I saw a post recently attacking constitutional monarchies (can’t find it now, I think it was one of the Ortho types). There is also an article by Sean Gabb, specifically criticising HM Queen Elizabeth
Both articles are correct on the facts. A constitutional monarchy is, for practical purposes, a republic, with all the faults of a republic
Further, the Queen’s practical influence over the last sixty years has been, as far as we are able to tell, smaller than it could have been and harmful in its direction.
Does that mean that neoreactionaries should stand against the celebrations of the second Diamond Jubilee in British history? Of course not.

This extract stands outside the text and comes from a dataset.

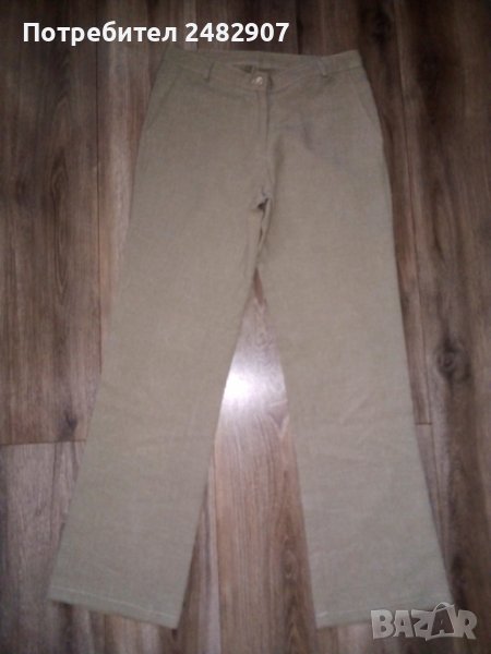 Дамски бежов панталон от тънък плат с висока талия и джобове от пред. Ширина на талията - 40 см, дължина - 100 см, дължина от талията до чатала - 24,5 см. Почти не е използван, отлично състояние.

The value of our monarchy is not in the effect the monarch has either on public opinion or on the government —- both are negligible. The value is as a reminder and as an alternative. Some day this war’s gonna end. One day, maybe one day soon, though I don’t hope for it, democracy will fall apart: due to lack of electricity or money, unresolvable election disputes, exposure of criminal entaglement of all of them, civil war among the progressivists, or some other Black Swan I haven’t even thought of. When it does, we will need a ruler with some other basis of legitimacy. And we have one, ready to hand.
If it does happen soon, the new ruling monarch will, like Juan Carlos in 1975, not doubt see himself as a caretaker, overseeing the handover to a reconstituted democratic regime. But it doesn’t have to be that way. That is where we come in, between now and then: our role is to make the concept of restored monarchichal rule an alternative.

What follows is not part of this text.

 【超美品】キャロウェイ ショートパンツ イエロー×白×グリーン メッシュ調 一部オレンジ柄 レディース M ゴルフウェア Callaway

That’s not so very far-fetched. Democracy could go out of fashion. Try just dropping into conversation the suggestion that Her Majesty (or the Prince of Wales or the Duke of Cambridge) could not actually be worse as a ruler than Gordon Brown or David Cameron, and quite a few will accept the point. That doesn’t make them Royalists —- they still see the idea as unthinkable, but not as actually bad. The unthinkable can become thinkable very quickly if the right noises are made publicly (I have another article planned about that).
I wrote much the same thing on the occasion of the Duke of Cambridge’s wedding. My argument is that the actual merits of members of a constitutional monarchy are not relevant. They, like the rest of us, are products of a liberal democracy. The choice of both the Queen and the Prince of Wales to concentrate their public attention on matters of great unimportance (the Commonwealth and the environment, respectively) is one forced on them by their situation. Could they have done better? Undoubtedly. But you restore monarchy with the Royal Family you have, not the one you might wish to have.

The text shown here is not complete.